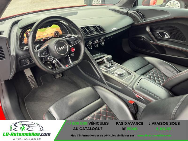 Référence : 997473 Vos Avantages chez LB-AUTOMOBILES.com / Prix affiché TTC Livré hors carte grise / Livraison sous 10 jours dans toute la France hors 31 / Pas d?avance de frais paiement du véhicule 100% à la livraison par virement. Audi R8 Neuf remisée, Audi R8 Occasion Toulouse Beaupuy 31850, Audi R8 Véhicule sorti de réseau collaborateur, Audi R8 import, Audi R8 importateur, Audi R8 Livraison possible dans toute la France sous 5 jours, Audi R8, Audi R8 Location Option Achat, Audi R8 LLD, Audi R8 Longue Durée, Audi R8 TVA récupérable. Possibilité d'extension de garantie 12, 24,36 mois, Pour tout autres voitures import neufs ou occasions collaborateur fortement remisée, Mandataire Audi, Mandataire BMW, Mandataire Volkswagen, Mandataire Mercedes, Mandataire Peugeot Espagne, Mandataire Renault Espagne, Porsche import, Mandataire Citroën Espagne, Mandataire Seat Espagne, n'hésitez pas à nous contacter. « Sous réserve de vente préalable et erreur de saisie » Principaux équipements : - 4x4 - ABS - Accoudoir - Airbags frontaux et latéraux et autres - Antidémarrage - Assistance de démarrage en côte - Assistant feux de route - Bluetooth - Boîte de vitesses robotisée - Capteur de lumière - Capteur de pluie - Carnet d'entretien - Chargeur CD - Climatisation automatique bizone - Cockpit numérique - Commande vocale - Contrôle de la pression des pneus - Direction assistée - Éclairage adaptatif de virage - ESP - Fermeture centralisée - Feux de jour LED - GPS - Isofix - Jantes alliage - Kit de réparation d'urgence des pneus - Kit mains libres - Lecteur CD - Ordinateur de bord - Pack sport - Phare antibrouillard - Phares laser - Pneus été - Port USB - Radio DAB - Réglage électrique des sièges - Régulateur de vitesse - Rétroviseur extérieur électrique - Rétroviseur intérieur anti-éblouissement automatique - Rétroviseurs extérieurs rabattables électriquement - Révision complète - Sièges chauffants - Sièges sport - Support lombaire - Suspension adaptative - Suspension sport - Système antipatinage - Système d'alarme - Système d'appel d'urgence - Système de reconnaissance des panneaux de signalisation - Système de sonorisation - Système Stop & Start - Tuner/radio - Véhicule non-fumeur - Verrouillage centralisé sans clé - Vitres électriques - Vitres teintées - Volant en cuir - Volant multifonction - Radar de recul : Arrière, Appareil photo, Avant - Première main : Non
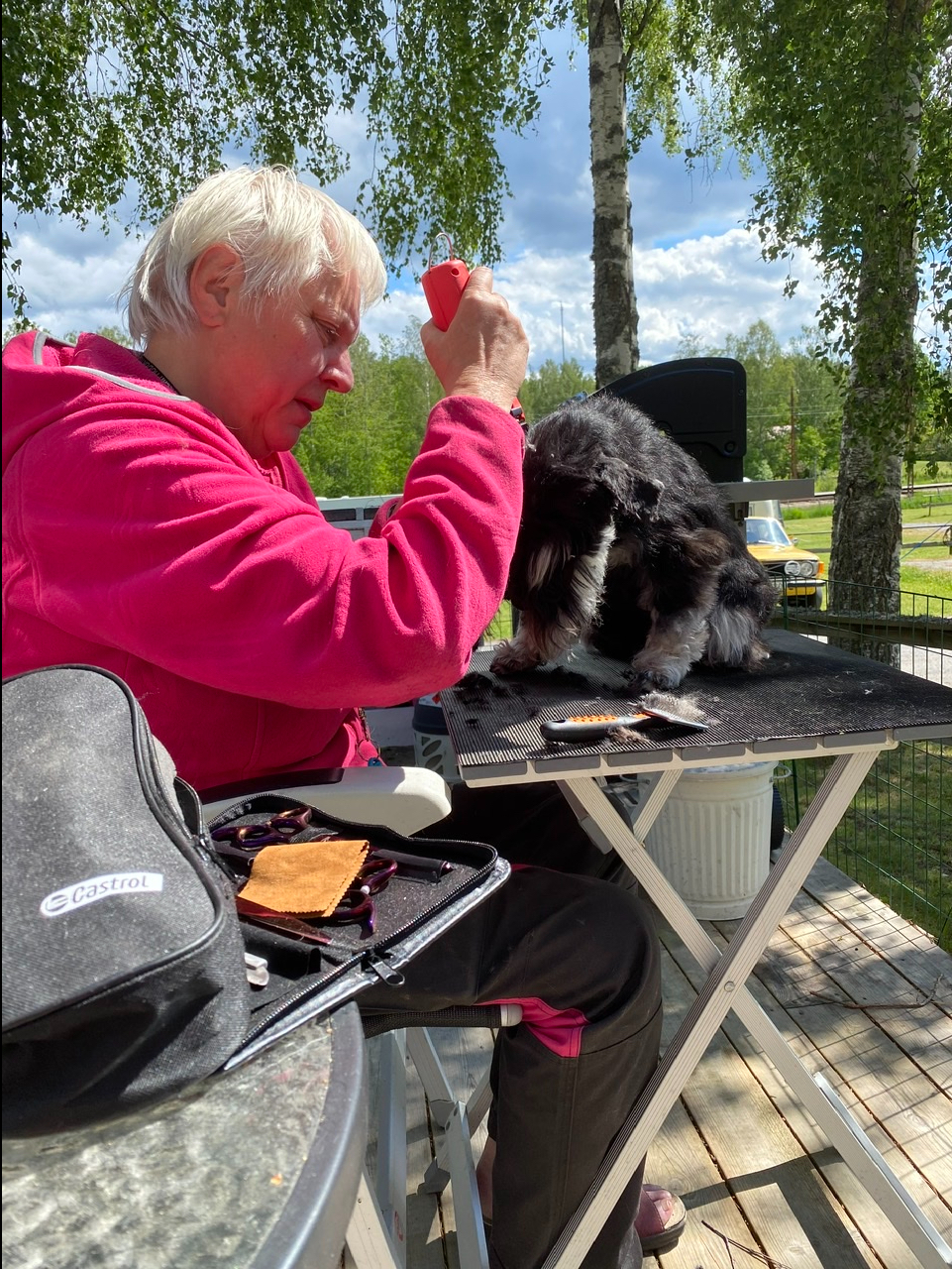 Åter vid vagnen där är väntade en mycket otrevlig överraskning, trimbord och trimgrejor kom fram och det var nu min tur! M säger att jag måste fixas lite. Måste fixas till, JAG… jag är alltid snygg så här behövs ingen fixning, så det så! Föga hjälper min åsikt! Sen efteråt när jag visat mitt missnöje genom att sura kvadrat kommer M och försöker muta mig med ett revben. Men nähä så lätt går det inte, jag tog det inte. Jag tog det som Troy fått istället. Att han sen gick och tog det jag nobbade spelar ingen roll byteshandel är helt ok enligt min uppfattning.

---

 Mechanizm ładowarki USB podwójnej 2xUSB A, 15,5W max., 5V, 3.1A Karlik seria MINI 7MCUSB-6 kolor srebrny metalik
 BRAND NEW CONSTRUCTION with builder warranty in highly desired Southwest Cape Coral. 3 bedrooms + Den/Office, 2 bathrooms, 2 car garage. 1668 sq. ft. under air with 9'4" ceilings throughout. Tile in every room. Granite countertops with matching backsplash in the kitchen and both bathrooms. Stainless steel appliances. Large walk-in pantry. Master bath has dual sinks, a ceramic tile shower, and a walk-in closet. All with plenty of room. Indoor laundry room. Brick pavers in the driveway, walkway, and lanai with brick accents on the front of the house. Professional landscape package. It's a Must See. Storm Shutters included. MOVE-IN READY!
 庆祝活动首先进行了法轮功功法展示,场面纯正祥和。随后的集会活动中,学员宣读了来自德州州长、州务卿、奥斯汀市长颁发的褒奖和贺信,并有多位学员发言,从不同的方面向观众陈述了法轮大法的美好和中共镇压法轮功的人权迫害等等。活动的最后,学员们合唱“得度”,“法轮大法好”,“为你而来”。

[Task goal]:
Write out exactly the lines above from the line with "BRAND NEW CONSTRUCTION" through the line with "庆祝活动首先进行了法轮功功法", both of them included, and leave out all other lines.

[Output of the task]:
 BRAND NEW CONSTRUCTION with builder warranty in highly desired Southwest Cape Coral. 3 bedrooms + Den/Office, 2 bathrooms, 2 car garage. 1668 sq. ft. under air with 9'4" ceilings throughout. Tile in every room. Granite countertops with matching backsplash in the kitchen and both bathrooms. Stainless steel appliances. Large walk-in pantry. Master bath has dual sinks, a ceramic tile shower, and a walk-in closet. All with plenty of room. Indoor laundry room. Brick pavers in the driveway, walkway, and lanai with brick accents on the front of the house. Professional landscape package. It's a Must See. Storm Shutters included. MOVE-IN READY!
 庆祝活动首先进行了法轮功功法展示,场面纯正祥和。随后的集会活动中,学员宣读了来自德州州长、州务卿、奥斯汀市长颁发的褒奖和贺信,并有多位学员发言,从不同的方面向观众陈述了法轮大法的美好和中共镇压法轮功的人权迫害等等。活动的最后,学员们合唱“得度”,“法轮大法好”,“为你而来”。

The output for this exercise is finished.